By seeking in his new book to rebut these criticisms, Hancock has tended instead to remind people of them, and of his own willingness to blame other people, for example in this entry on 29th January 2021:
“Scandalous behaviour by certain care home operators, who are unscrupulously using staff with Covid. Inspectors have identified no fewer than 40 places where this is happening.”
In a diary entry made on 27th May 2021, just after Cummings denounced him, Hancock wrote:
“Of all the many accusations Dom Cummings has hurled at me, the media seem most interested in his claims that I lied about the arrangements surrounding hospital discharges into care homes at the beginning of the pandemic.
“Annoyingly, it was only after this evening’s [Downing Street] press conference that I received some very pertinent PHE [Public Health England] data. They analysed all the Covid cases in care homes from January to October last year and found that just 1.2 per cent could be traced back to hospitals.“
This may well be correct. Care home staff did indeed catch Covid in the wider community and take it into those homes.
But Hancock seems quite oblivious to the air of bogus precision which hangs over the one statistic he gives here, namely that “just 1.2 per cent could be traced back to hospitals”.
How much work is being done by the words “could be” in this formula? Whether or not he is trying to pull the wool over our eyes, he sounds as if he is trying to do so.
Again and again, Hancock declines to take us into his confidence, but says whatever he thinks he can get away with. The cumulative effect of this special pleading is to make one lose whatever patience one may once have had with him.
The official inquiry into Covid, chaired by Lady Hallett, a crossbench peer and retired Appeal Court judge, will start public hearings next year, which is also when the Conservatives will have to select their candidate for the London mayoral election to be held in May 2024.
In last week’s Spectator, James Forsyth suggested:
“If Hancock is going to attempt to return to the political front line – and given his high embarrassment threshold and his sheer determination to be involved this seems probable – his most likely route would be the Tory nomination for Mayor of London.”

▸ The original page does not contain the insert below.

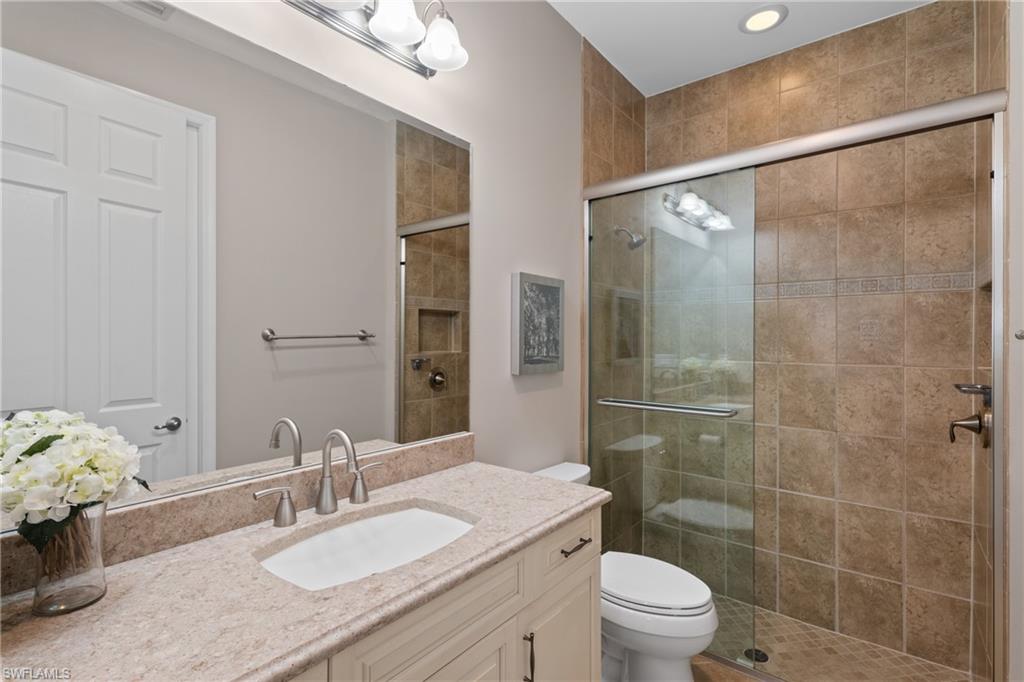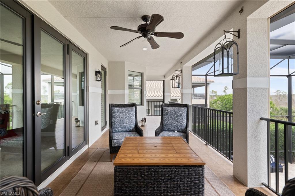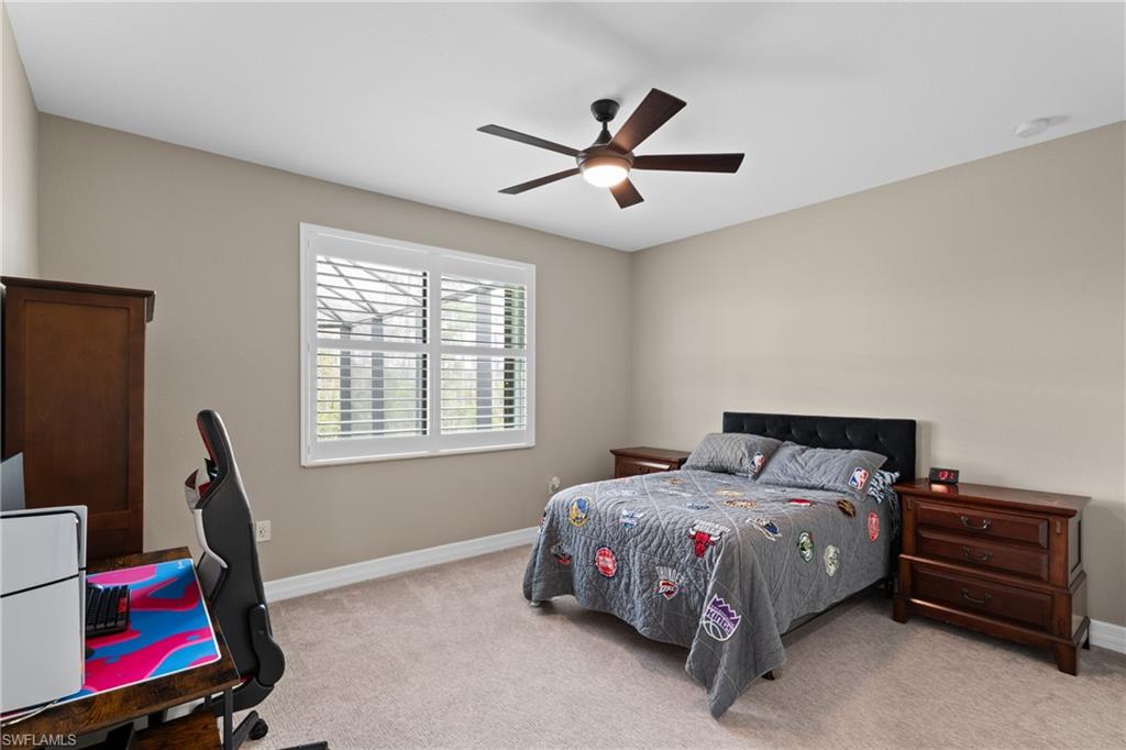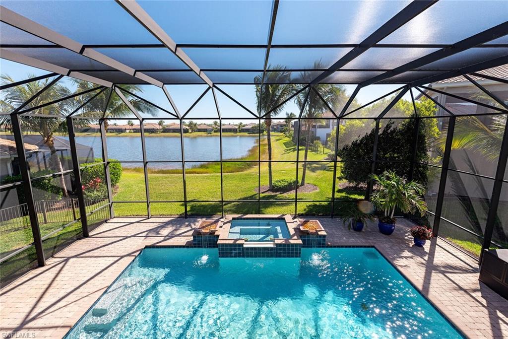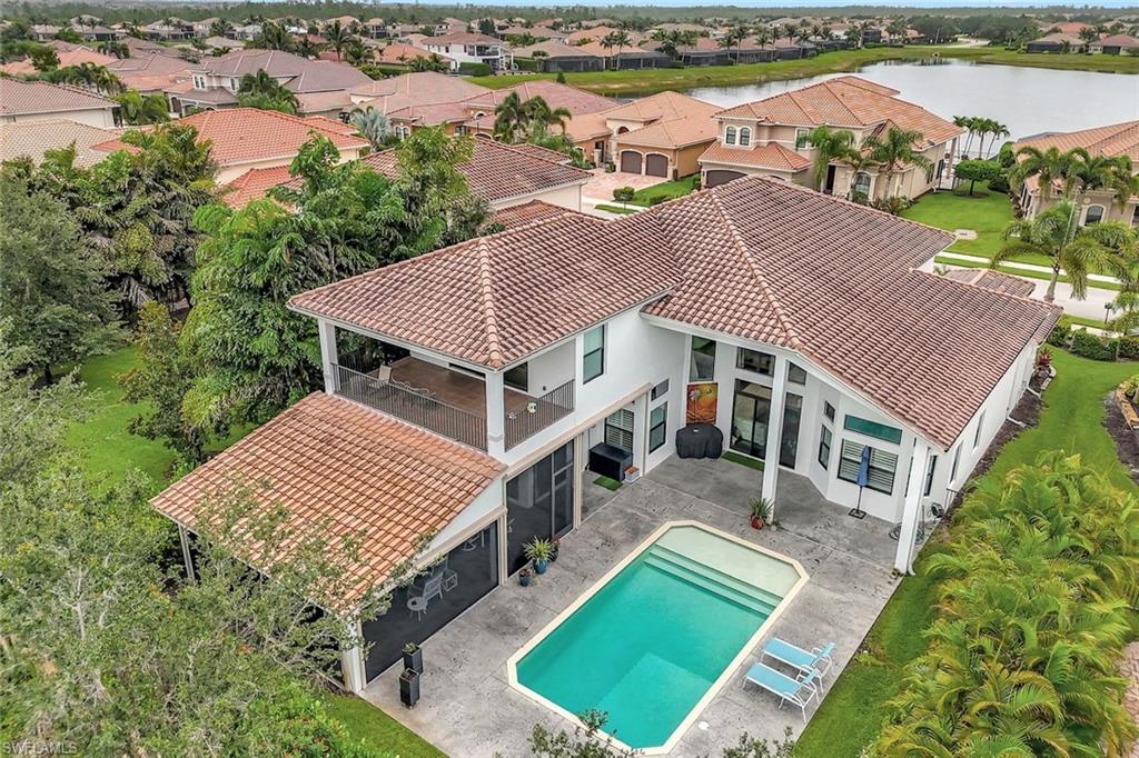 Substantial Price Adjustment=Tremendous Value! Rarely does a home of this caliber become available at such a reduced price. Welcome to this stunning estate home in the highly sought-after Riverstone community in Naples, FL. This Venetian floor plan home is perfect for families seeking both luxury living and a vacation-inspired lifestyle. Offering 6 spacious bedrooms, 5 baths, and a versatile loft, this home provides 4,503 SF of living space. Situated on an oversized .39-acre lot with beautifully landscaped grounds, the property also boasts a serene lake view, creating a peaceful retreat. Step outside to your own private oasis as the entire outdoor space is designed to enhance your vacation-style living. The expansive two-story screened lanai features a sparkling pool with fountain bowls and a relaxing spa. The outdoor kitchen makes it easy to host barbecues and gatherings, while the fenced yard offers plenty of space for kids to play or dogs to run. Inside, the gourmet kitchen is a chef’s dream, equipped with an extended walk-in pantry, new accent lighting, a wall oven, an electric GE cooktop with vented hood, both quartz & granite counters & upgraded cream-colored cabinets. The kitchen is located in the heart of the home and flows seamlessly into the family room, formal living & dining areas. Downstairs you will also find a bedroom with a Murphy bed, which makes for fantastic office space or guest room. Upstairs, the primary suite offers a spacious retreat, complete with dual walk-in closets and an ensuite bath featuring a newer frameless glass shower door and a soaking tub. The upstairs also features a balcony that offers multiple access points, providing an ideal place to relax, enjoy the serene lake view, and experience Florida’s beautiful sunrises. Fine finishes include plantation shutters, an upgraded wood/iron staircase, hardwood floors upstairs, decorator lighting & fans and crown molding. For added convenience and comfort, this home features a finished laundry room with upgraded LG washer & dryer, a sink, folding counter, and cabinetry. The home is freshly painted on the exterior & has new exterior lighting. Two newer A/C units ensure comfort year-round. A whole home generator with 500-gallon propane tank plus impact windows and doors provide convenience & peace of mind during and after a storm. Riverstone offers a social, vacation-inspired lifestyle for all ages. Located in North Naples, minutes to I-75 & zoned for "A" rated schools. Recreation area includes a fitness center, social hall, resort style pool, lap pool, spa, 5 lighted tennis courts, outdoor basketball/pickleball, full indoor basketball court, tot lot, children's water play area & game room & an activities coordinator so it is easy to make new friends. If you’re looking for a home that combines comfortable living with a vacation lifestyle, look no further. This stunning property in Riverstone is the perfect place to create lasting memories with your loved ones!

Here is a field in which both Ken Livingstone (Mayor from 2000-08) and Boris Johnson (Mayor from 2008-16) demonstrated that a capacity for self-promotion, by methods regarded as rackety by their more conventional colleagues, can be an advantage.

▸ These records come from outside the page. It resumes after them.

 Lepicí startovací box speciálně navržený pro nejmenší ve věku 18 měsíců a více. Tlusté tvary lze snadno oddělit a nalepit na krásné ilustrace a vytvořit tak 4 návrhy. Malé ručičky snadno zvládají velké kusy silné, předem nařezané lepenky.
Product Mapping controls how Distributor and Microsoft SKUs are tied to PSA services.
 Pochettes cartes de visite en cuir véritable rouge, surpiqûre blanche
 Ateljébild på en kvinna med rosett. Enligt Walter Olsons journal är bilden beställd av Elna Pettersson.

In 2007, the Conservatives had great difficulty finding a plausible candidate to run against Livingstone, who was generally reckoned to be invincible.

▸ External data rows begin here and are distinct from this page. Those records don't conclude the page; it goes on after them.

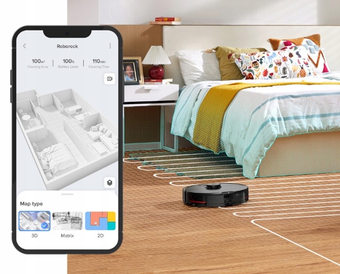 Dzięki danym pozyskanym przez moduł LiDAR, aplikacja precyzyjnie pokazuje układ domu, aby zidentyfikować sofy, łóżka, szafki pod telewizor, stołki, krzesła i stoły. Podczas sprzątania S7 MaxV oznacza w aplikacji meble, które rozpoznał. Potrzebujesz posprzątać wokół łóżka po leniwym śniadaniu? Po prostu dotknij modelu swojego łóżka w aplikacji Roborock.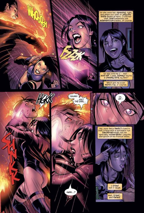 Not only because it’s such a great moment between Betsy and Logan we get to see Betsy really cutting loose in a fight. It’d be so fun to get more side missions away from the X-Men for her. (2/3)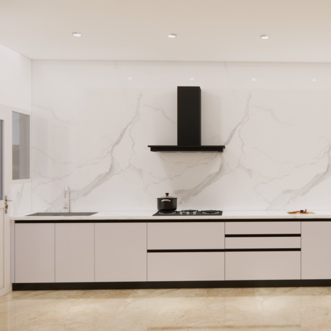 Storage usuage: This 10 ft modern stainless steel kitchen is designed with both style and functionality in mind. The cabinetry features a sleek smoke-coloured laminate with a matte finish, offering a bold yet understated aesthetic. A durable quartz countertop adds a luxurious touch while ensuring resistance to stains, scratches, and heat.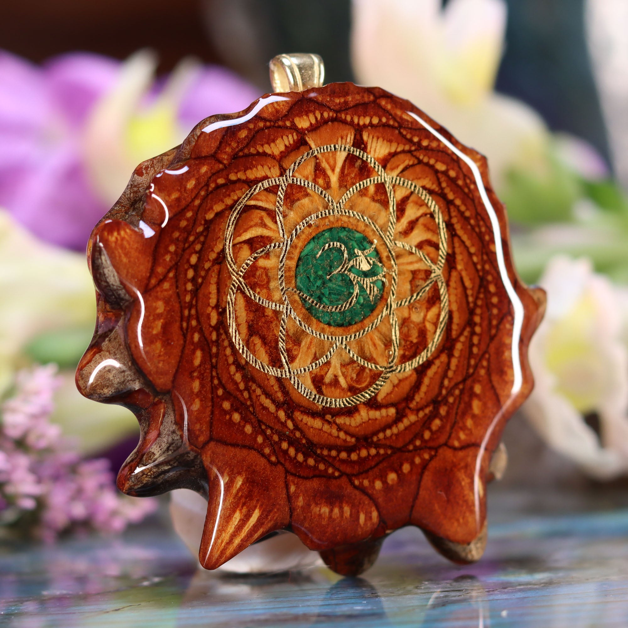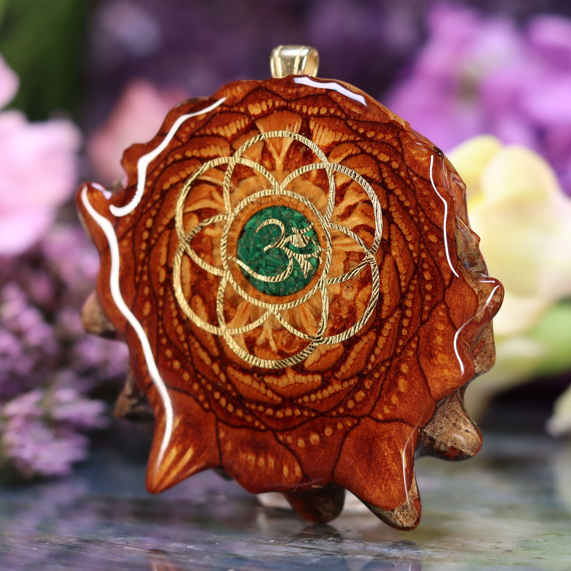 Crushed Malachite (Glows) with Gold Seed of Life and Front Om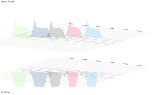 和音を弾いた時のハンマー(上図)と鍵盤(下図)の軌跡データ例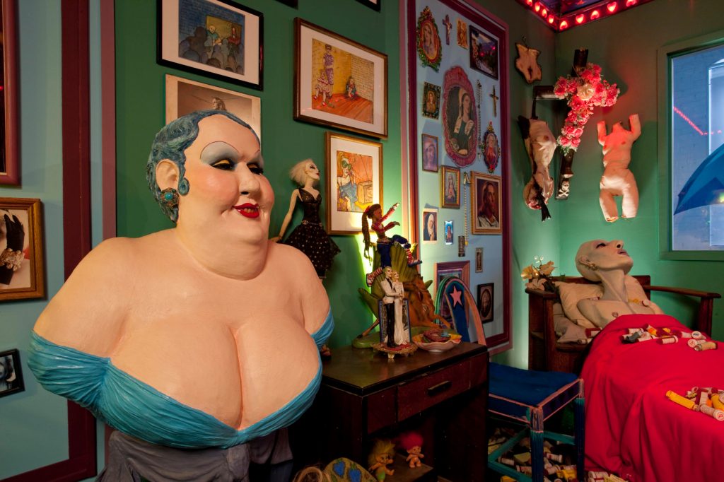 Lankton’s art dolls, which range in size from miniature to life-sized, explore ideas of gender, sexuality, and beauty. Like my friend’s art, Lankton’s works featured celebrities, drag queens, circus acrobats, and other “freaks.” Her talent for combining the glamorous with the grotesque make her dolls true works of caricature art.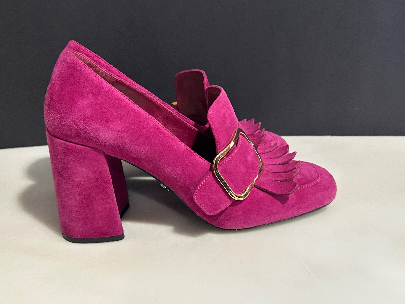 PRADA Size 38.5 or 8.5 US Pink Suede Buckle Kiltie Pumps Worn Once Excellent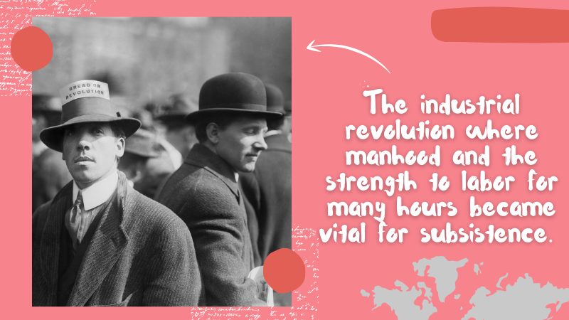 My best bet would be the Industrial Revolution, where manhood and the strength to labor for many hours became vital for subsistence.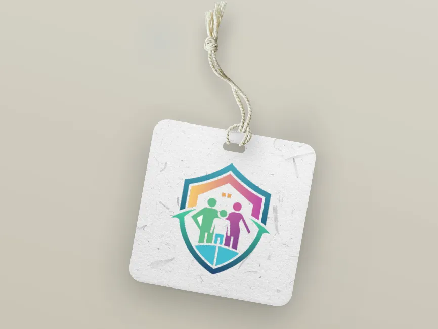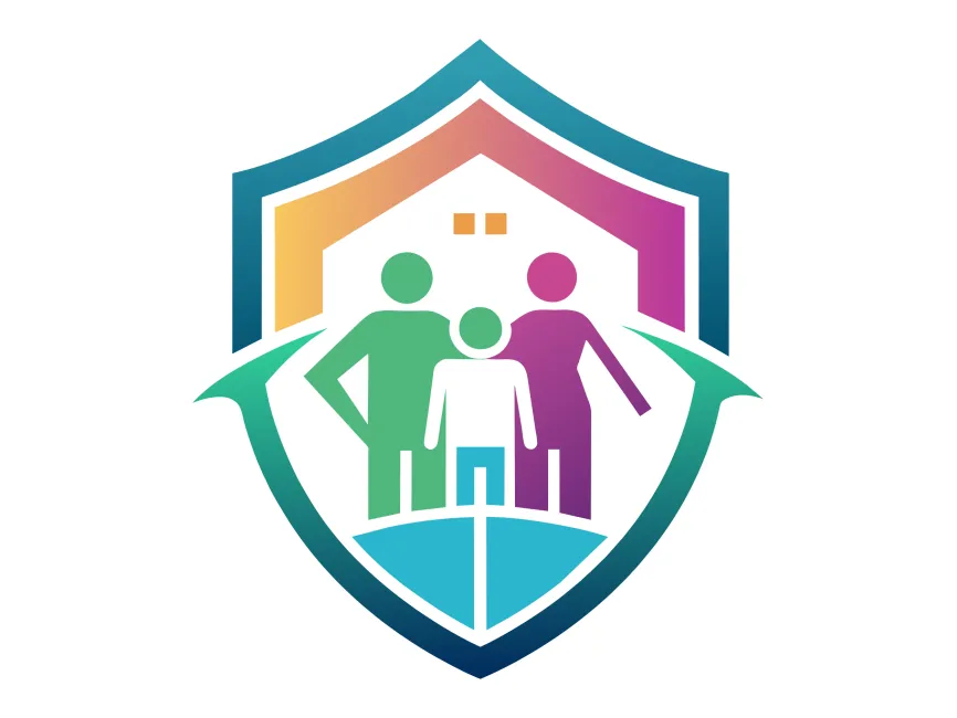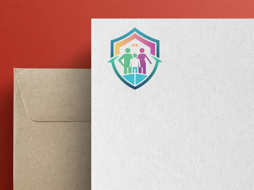 This logo template represents family security, home protection, and community well-being. The design features a shield shape, symbolizing safety and trust, enclosing a house with a family inside, emphasizing care, unity, and protection. The gradient colors and eco-friendly elements make this a versatile vector logo for businesses related to insurance, real estate, and family support services.

Greg Dyke, a former Director General of the BBC who was best known for introducing Roland Rat, a glove puppet, to viewers of breakfast television, was among those approached by the increasingly desperate Conservatives, but said he would only run as an Independent with Tory and Lib Dem support.
The Lib Dems turned down that idea, and Johnson, MP for Henley but getting nowhere at Westminster, at length decided to have a go.
Hancock is no Johnson, but in some quarters is just as distrusted, and is likewise getting nowhere at Westminster.
In February 1960 Clement Attlee, Prime Minister from 1945-51, remarked in a piece for The Observer (reprinted in Attlee’s Great Contemporaries: The Politics of Character, edited by Frank Field):
“There is one thing about politics that I think cannot be disputed: if a man stays in them long enough, they nearly always reveal him for what he is, and he tends to get not only what he deserves, but to find in his fate the reflection of his own strength and weakness.”
Hancock, only 44 years old, has already revealed much of what he is.